C’è poco da fare, la questione della sperimentazione animale è stata e continuerà ad essere una delle cose più dibattute di sempre. Etica e necessità in perenne conflitto, fino a quando l’elettronica irrompe sulla scena promettendo di risolvere il dibattito una volta per tutte a partire da un cuore elettronico.
L’argomento ovviamente è un tantino più complesso e parte da lontano, arrivando al cuore digitale progettato dai ricercatori di Harvard.
C’è sempre stata la necessità di applicare la tecnologia alla sperimentazione, soprattutto in funzione dell’enorme velocità alla quale informatica ed elettronica progrediscono ogni giorno.
Da anni infatti la scienza lavora allo sviluppo ed al miglioramento dei cosiddetti “sistemi microfisiologici”. Apparati in grado di riprodurre in tutto e per tutto le funzioni dei vari tessuti, anche quelli più complessi, di registrare dati e di mostrare gli effetti di qualunque input esterno, farmaci compresi.

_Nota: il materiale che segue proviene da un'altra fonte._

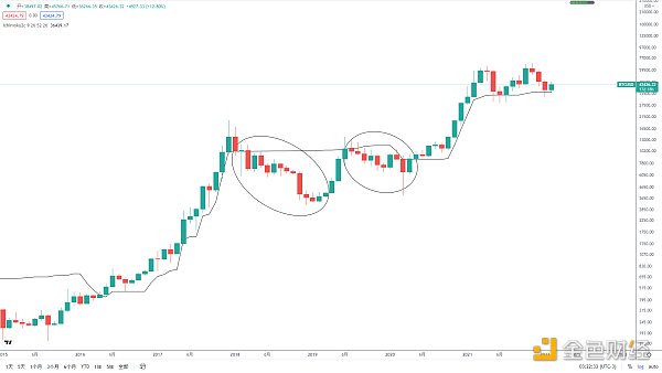 从长期趋势指标线看,上月BTC收线仍未有效跌破,本月以指标线为支撑迎来超跌反弹,而历史上前几轮熊市均是月线跌破,然后向上回抽至该线附近确认后再次回调进入熊市。

Fino ad oggi però, fino allo sviluppo del cuore ribattezzato “heart on chip”, la situazione era abbastanza complessa e i modelli digitali sviluppati richiedevano notevoli sforzi per il loro funzionamento, dal punto di vista tecnologico ed economico.
Oggi invece il team di ricercatori guidato da Johan Ulrik Lind, è riuscito ad ovviare a tale serie di inconvenienti grazie ai nuovi materiali per la stampa 3D ormai presenti sul mercato. Essi permettono di sviluppare modelli complessi e “fedeli” all’originale, integrando circuiti in grado di ricevere ed elaborare ogni tipo di informazione.

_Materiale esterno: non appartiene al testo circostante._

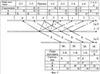 На фиг.2 изображена лучевая диаграмма КП 8R4 с таблицами положений сцеплений и муфт переключения на различных передачах. На горизонтальных шкалах диаграммы в логарифмическом виде представлены величины передаточных чисел пар шестерен и передач. Над верхней горизонталью обозначены номера передач переднего хода (8-1), под нижней горизонталью – передачи заднего хода (4R-1R). На крайних горизонталях величина передаточных чисел приведена к вторичному валу, на средней горизонтали – к промежуточному валу. Номера пар шестерен указаны на лучах. Наклон луча вправо указывает на замедляющий режим работы пары шестерен, чем положе луч, тем больше передаточное число. Наклон луча налево характеризует ускоряющий режим работы пары шестерен. Наклон луча каждой пары шестерен постоянный на любом участке лучевой диаграммы.

Così “stampare” un cuore e dotarlo di microchip è stato possibile, così come testarne il funzionamento e, soprattutto, l’applicabilità su larga scala.
Ma cosa ci permetterà di fare questo nuovo cuore in formato digitale?
Sarà sostanzialmente una macchina estremamente reale, in grado di comprendere, e far comprendere, cosa accade ai nostri tessuti quando vengono esposti a molteplici sostanze, che siano farmaci, inquinanti o quant’altro.
Permetterà, il nostro cuore 2.0, di anticipare evidenze che richiederebbero anni di sperimentazione ed osservazione, nonché l’utilizzo, per forza di cose, del modello animale.
Ora, al netto delle teorie complottistiche che ci vorrebbero con microchip impiantati sotto pelle per controllarci ed impartirci ordini, è chiaro che l’utilizzo immediato di un dispositivo come questo è ancora lontano. Cuore o altro organo che sia, è una regola che vale per ogni nuova scoperta, anche la più sensazionale.
Quello che è certo è che lo sviluppo del cuore su chip rappresenta un’inversione di tendenza eccezionale, che promette, in un futuro speriamo più vicino possibile, di superare metodiche che forse non sono più sostenibili.
Si perché, tenendo i piedi per terra e continuando a riconoscere le ovvie necessità scientifiche e sperimentali, quando supereremo il modello animale, non utilizzando più cavie, saremo in qualche modo migliori.